Now that there is a major publisher that has gone completely DRM-free (with more to follow, I'm sure; I've had contact with very highly placed execs at two more of the big six publishers), there is suddenly a market for tools that automate the conversion and loading of ebooks from multiple formats and vendors.

For example, I'd expect someone to make a browser plugin that draws a "Buy this book at BN.com" button on Amazon pages (and vice-versa), which then facilitates auto-conversion between the formats. I'd also expect BN.com to produce a "switch" toolkit for Kindle owners who want to go Nook (and vice-versa).

I think that this might be the watershed for ebook DRM, the turning point that marks the moment at which all ebooks end up DRM-free.
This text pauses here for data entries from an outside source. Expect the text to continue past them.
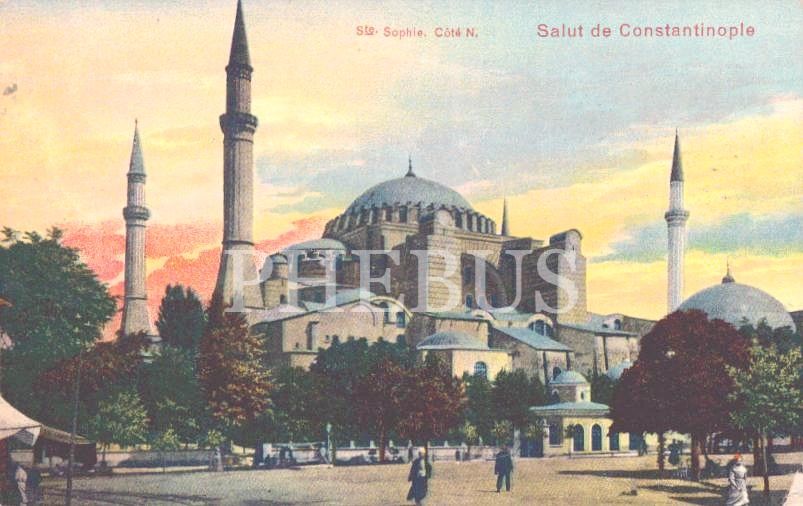 Ayasofya Cami, "Ste. Sophie. Cote N., Salut de Constantinople", postadan geçmiş, İstanbul, 14x9 cm...
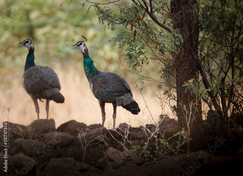 Beautiful Indian peafowl and Peahen in jungle roaming freely in field. Beautiful back ground of Indian peacock or peafowl for seasonal greetings or wall mounting. Beauty of colours.
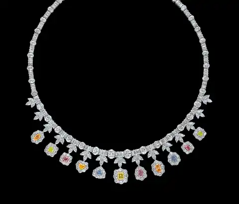 Следующее колье уникально тем, что все драгоценности в нем представлены в естественных тонах. Белоснежное ожерелье состоит из алмазов, основой для которых служит платина и золото. Но о цене шедевра ничего не известно.

It's a good day.

Tom Doherty Associates, publishers of Tor, Forge, Orb, Starscape, and Tor Teen, today announced that by early July 2012, their entire list of e-books will be available DRM-free.

“Our authors and readers have been asking for this for a long time,” said president and publisher Tom Doherty. “They’re a technically sophisticated bunch, and DRM is a constant annoyance to them. It prevents them from using legitimately-purchased e-books in perfectly legal ways, like moving them from one kind of e-reader to another.”
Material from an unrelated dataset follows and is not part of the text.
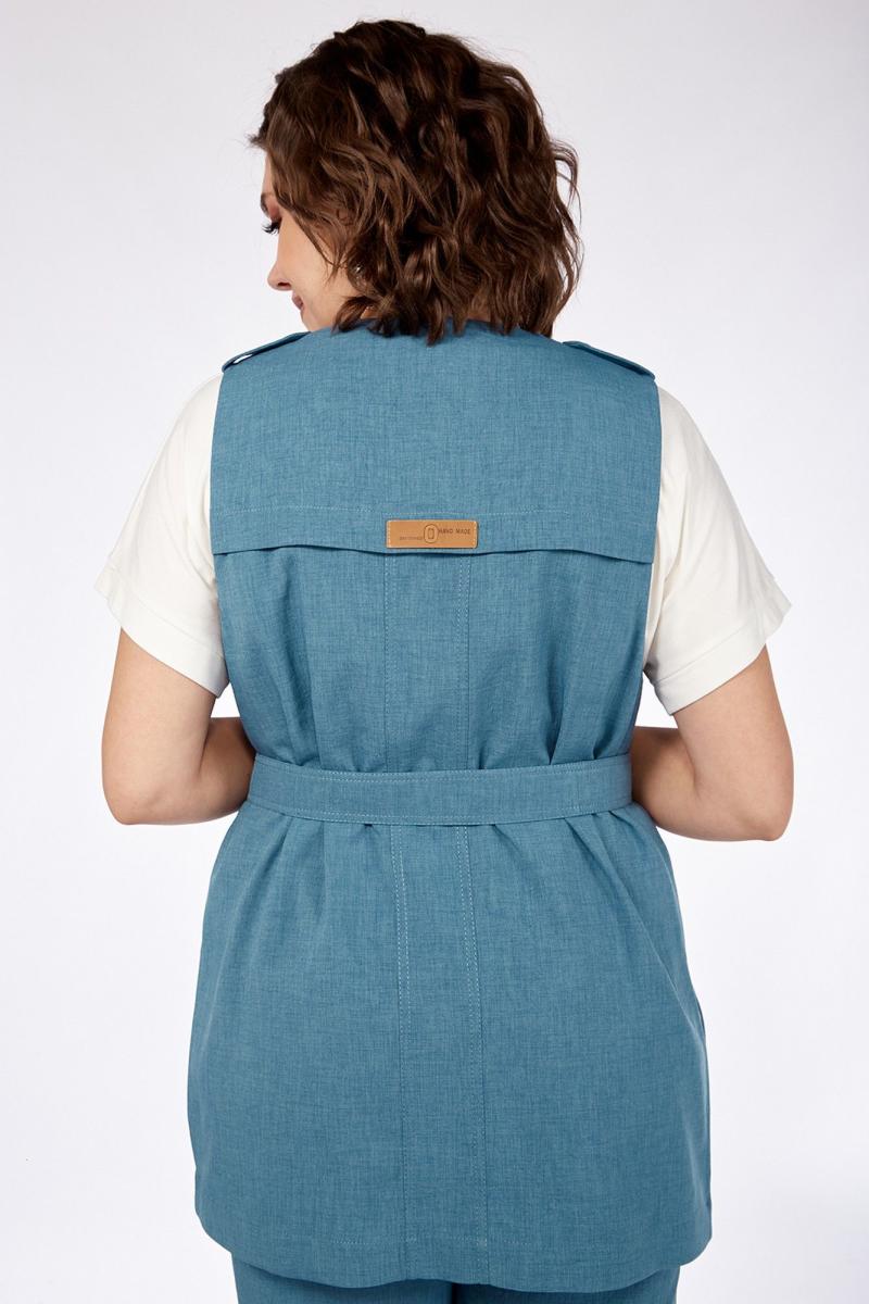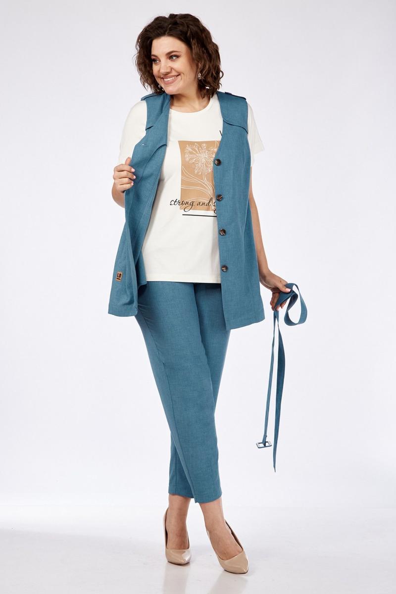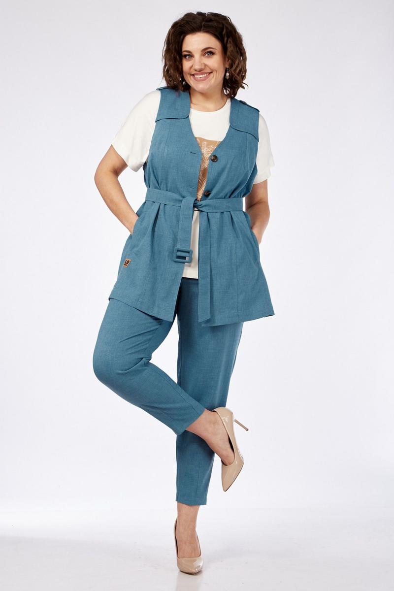 Комплект брючный 3-х предметный состоит из жилета, брюк и джемпера. Жилет из костюмно-плательной ткани прямого силуэта. Горловина V-образной формы. По переду фигурные кокетки, рельефные швы. Застежка центрально — бортовая на петли и пуговицы. Спинка разрезная с кокеткой. По боковым швам разрезы. На плечевых швах паты с пуговицей. Брюки средней посадки, заужены к низу. По переду боковые карманы с подрезным бочком. По задним деталям накладные карманы. Пояс в 58-62 размере частично на резинке. Джемпер из трикотажного полотна. Рукав спущенный. По переду печать.

DRM-free titles from Tom Doherty Associates will be available from the same range of retailers that currently sell their e-books. In addition, the company expects to begin selling titles through retailers that sell only DRM-free books.

Tor/Forge E-book Titles to Go DRM-Free

I write books. My latest is a YA science fiction novel called Homeland (it's the sequel to Little Brother). More books: Rapture of the Nerds (a novel, with Charlie Stross); With a Little Help (short stories); and The Great Big Beautiful Tomorrow (novella and nonfic). I speak all over the place and I tweet and tumble, too.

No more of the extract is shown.